[Input]
•••••

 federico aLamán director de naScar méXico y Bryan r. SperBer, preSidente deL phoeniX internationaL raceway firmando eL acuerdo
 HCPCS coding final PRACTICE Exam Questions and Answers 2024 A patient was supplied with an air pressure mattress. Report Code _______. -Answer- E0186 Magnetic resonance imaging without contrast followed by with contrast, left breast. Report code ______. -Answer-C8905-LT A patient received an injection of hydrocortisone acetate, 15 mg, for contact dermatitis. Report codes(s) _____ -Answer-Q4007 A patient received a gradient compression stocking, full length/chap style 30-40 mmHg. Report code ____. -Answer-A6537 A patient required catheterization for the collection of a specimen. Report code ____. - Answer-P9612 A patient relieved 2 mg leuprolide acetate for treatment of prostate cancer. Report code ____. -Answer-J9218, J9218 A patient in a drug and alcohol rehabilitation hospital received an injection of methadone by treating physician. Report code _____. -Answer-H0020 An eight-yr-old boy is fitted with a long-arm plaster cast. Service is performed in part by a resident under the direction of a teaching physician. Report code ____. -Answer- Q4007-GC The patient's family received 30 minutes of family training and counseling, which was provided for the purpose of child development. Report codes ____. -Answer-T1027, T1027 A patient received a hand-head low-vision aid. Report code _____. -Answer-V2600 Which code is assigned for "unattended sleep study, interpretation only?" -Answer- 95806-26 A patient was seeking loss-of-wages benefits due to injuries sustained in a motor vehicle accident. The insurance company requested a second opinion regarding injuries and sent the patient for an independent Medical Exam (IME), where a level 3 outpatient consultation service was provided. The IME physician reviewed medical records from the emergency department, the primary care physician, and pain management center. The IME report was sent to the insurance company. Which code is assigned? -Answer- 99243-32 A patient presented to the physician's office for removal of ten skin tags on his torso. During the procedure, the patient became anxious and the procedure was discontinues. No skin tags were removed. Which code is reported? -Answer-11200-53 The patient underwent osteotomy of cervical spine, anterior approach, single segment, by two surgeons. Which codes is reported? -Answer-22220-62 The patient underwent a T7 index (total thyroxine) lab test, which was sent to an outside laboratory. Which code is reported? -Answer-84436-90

•••••

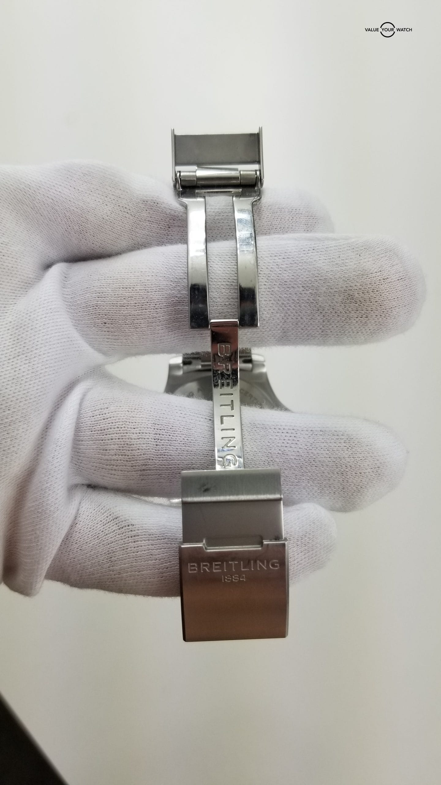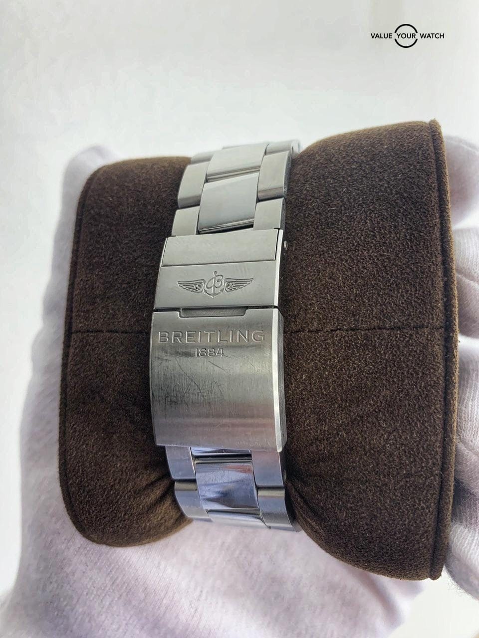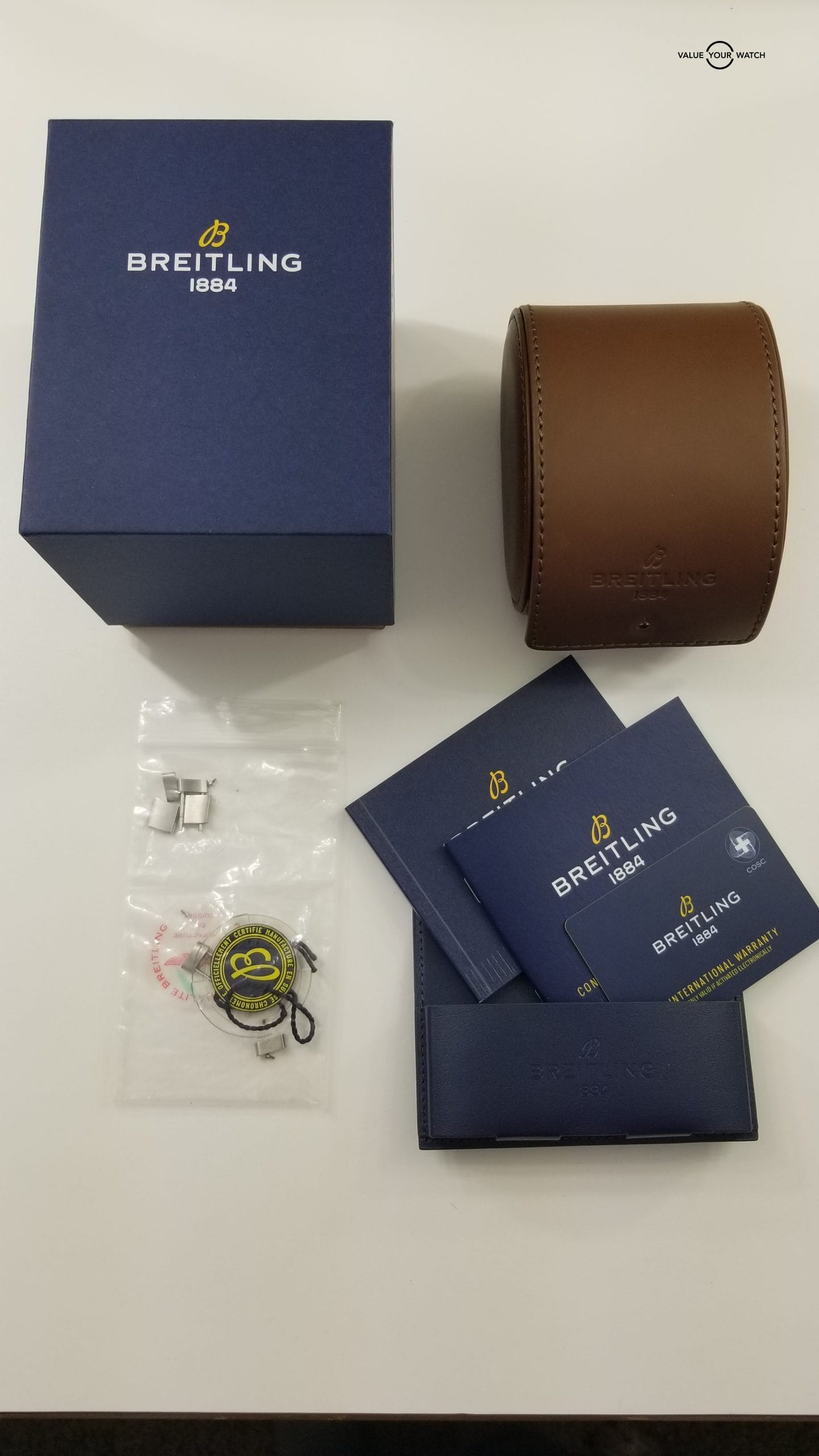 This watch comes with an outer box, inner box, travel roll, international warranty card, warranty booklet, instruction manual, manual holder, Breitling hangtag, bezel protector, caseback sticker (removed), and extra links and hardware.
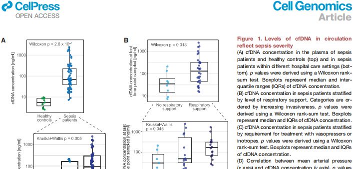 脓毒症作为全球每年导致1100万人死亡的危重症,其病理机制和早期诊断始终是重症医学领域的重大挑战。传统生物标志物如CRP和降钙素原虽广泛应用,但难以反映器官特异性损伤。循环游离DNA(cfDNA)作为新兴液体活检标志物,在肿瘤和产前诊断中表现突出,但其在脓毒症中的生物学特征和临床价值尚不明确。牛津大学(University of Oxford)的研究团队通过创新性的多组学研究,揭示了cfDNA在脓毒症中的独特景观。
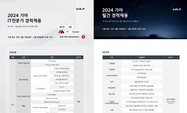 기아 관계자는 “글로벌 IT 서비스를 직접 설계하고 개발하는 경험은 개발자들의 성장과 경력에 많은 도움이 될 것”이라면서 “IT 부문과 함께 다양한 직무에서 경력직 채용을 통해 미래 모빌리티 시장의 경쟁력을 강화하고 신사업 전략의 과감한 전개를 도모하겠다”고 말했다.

•••••

[Assignment] Please output, exactly as written, the lines above from the one holding "This watch comes" through the one holding "서비스를 직접 설계하고", both included, with the pictures omitted.

[Answer to the exercise]
 This watch comes with an outer box, inner box, travel roll, international warranty card, warranty booklet, instruction manual, manual holder, Breitling hangtag, bezel protector, caseback sticker (removed), and extra links and hardware.
 脓毒症作为全球每年导致1100万人死亡的危重症,其病理机制和早期诊断始终是重症医学领域的重大挑战。传统生物标志物如CRP和降钙素原虽广泛应用,但难以反映器官特异性损伤。循环游离DNA(cfDNA)作为新兴液体活检标志物,在肿瘤和产前诊断中表现突出,但其在脓毒症中的生物学特征和临床价值尚不明确。牛津大学(University of Oxford)的研究团队通过创新性的多组学研究,揭示了cfDNA在脓毒症中的独特景观。
 기아 관계자는 “글로벌 IT 서비스를 직접 설계하고 개발하는 경험은 개발자들의 성장과 경력에 많은 도움이 될 것”이라면서 “IT 부문과 함께 다양한 직무에서 경력직 채용을 통해 미래 모빌리티 시장의 경쟁력을 강화하고 신사업 전략의 과감한 전개를 도모하겠다”고 말했다.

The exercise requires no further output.